Answer
The partial fraction decomposition is ${{x}^{3}}+4{{x}^{2}}+12x+32+\frac{80}{x-2}+\frac{32}{{{\left( x-2 \right)}^{2}}}$.
Work Step by Step
Let us consider the expression,
$\frac{{{x}^{5}}}{{{x}^{2}}-4x+4}$
Firstly, solve by long division method,
${{x}^{2}}-4x+4\overset{{{x}^{3}}+4{{x}^{2}}+12x+32}{\overline{\left){\begin{align}
& {{x}^{5}} \\
& {{x}^{5}}\text{ }-\text{4}{{x}^{4}}+4{{x}^{3}} \\
& -\text{ }+\text{ }- \\
& \overline{\begin{align}
& \text{ 4}{{x}^{4}}-4{{x}^{3}} \\
& \text{ 4}{{x}^{4}}-\text{16}{{x}^{3}}+16{{x}^{2}} \\
& \text{ }-\text{ + }- \\
& \overline{\begin{align}
& \text{ 12}{{x}^{3}}-16{{x}^{2}} \\
& \text{ 12}{{x}^{3}}-48{{x}^{2}}+48x \\
& \text{ + }- \\
& \overline{\begin{align}
& \text{ 32}{{x}^{2}}-48x \\
& \text{ 32}{{x}^{2}}-128x+128 \\
& \text{ }-\text{ + }- \\
& \overline{\text{ 80}x-128} \\
\end{align}} \\
\end{align}} \\
\end{align}} \\
\end{align}}\right.}}$
So,
$\frac{{{x}^{5}}}{{{x}^{2}}-4x+4}={{x}^{3}}+4{{x}^{2}}+12x+32+\frac{80x-128}{{{\left( x-2 \right)}^{2}}}$
Then, partial fraction of $\frac{80x-128}{{{x}^{2}}-4x+4}=\frac{80x-128}{{{\left( x-2 \right)}^{2}}}$
And to find partial fraction decomposition,
$\frac{80x-128}{{{\left( x-2 \right)}^{2}}}=\frac{A}{x-2}+\frac{B}{{{\left( x-2 \right)}^{2}}}$ …… (1)

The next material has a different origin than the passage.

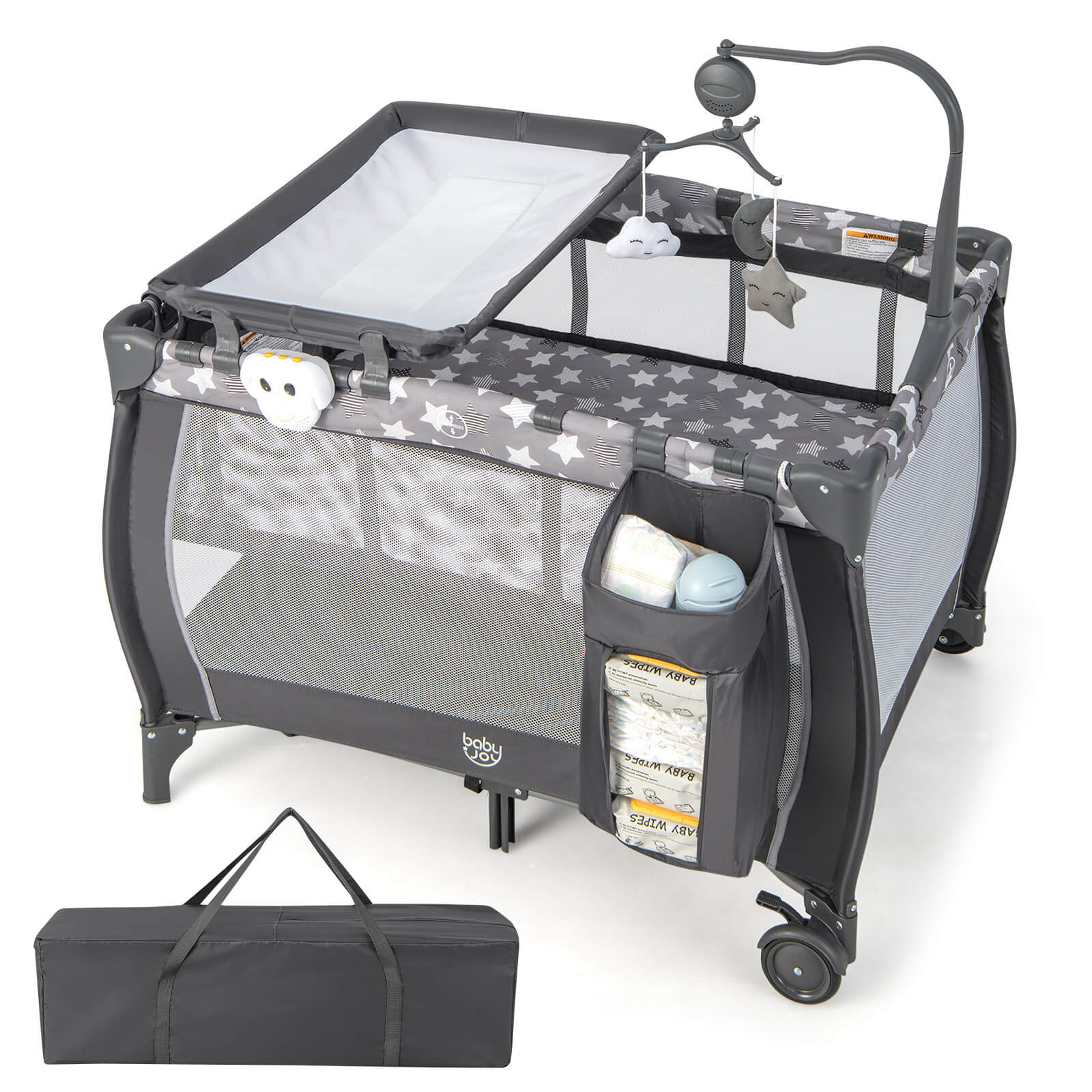 Infans Portable Baby Playard Nursery Center Crib Bassinet w/ Hanging Toys & Music Box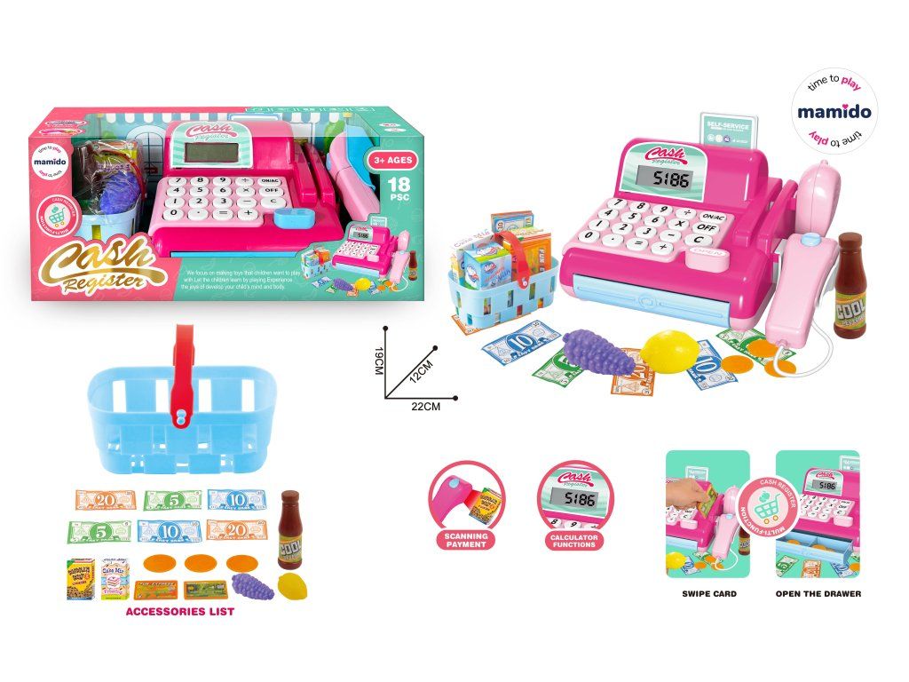 Zažijte spoustu zábavy s touto dětskou pokladnou, která děti přenese přímo do světa nakupování a prodávání. Barevná pokladna nabízí realistické funkce – tlačítkovou klávesnici, otevírací šuplík na peníze, čtečku karet, skener i funkci kalkulačky. Součástí je také nákupní košík, papírové peníze, potraviny a platební karta, takže hra může být opravdu jako v obchodě.

And multiply both sides by ${{\left( x-2 \right)}^{2}}$,
$\begin{align}
& 80x-128=A\left( x-2 \right)+B \\
& 80x-128=Ax+2A+B \\
\end{align}$
And equate the terms,
$\begin{align}
& A=80 \\
& -2A+B=-128
\end{align}$
Then, solving the above equation,
$A=80,B=32$
And put these values in equation (1),
$\frac{80x-128}{{{\left( x-2 \right)}^{2}}}=\frac{80}{x-2}+\frac{32}{{{\left( x-2 \right)}^{2}}}$
Thus, the partial fraction decomposition of the remainder term is,
${{x}^{3}}+4{{x}^{2}}+12x+32+\frac{80}{x-2}+\frac{32}{{{\left( x-2 \right)}^{2}}}$.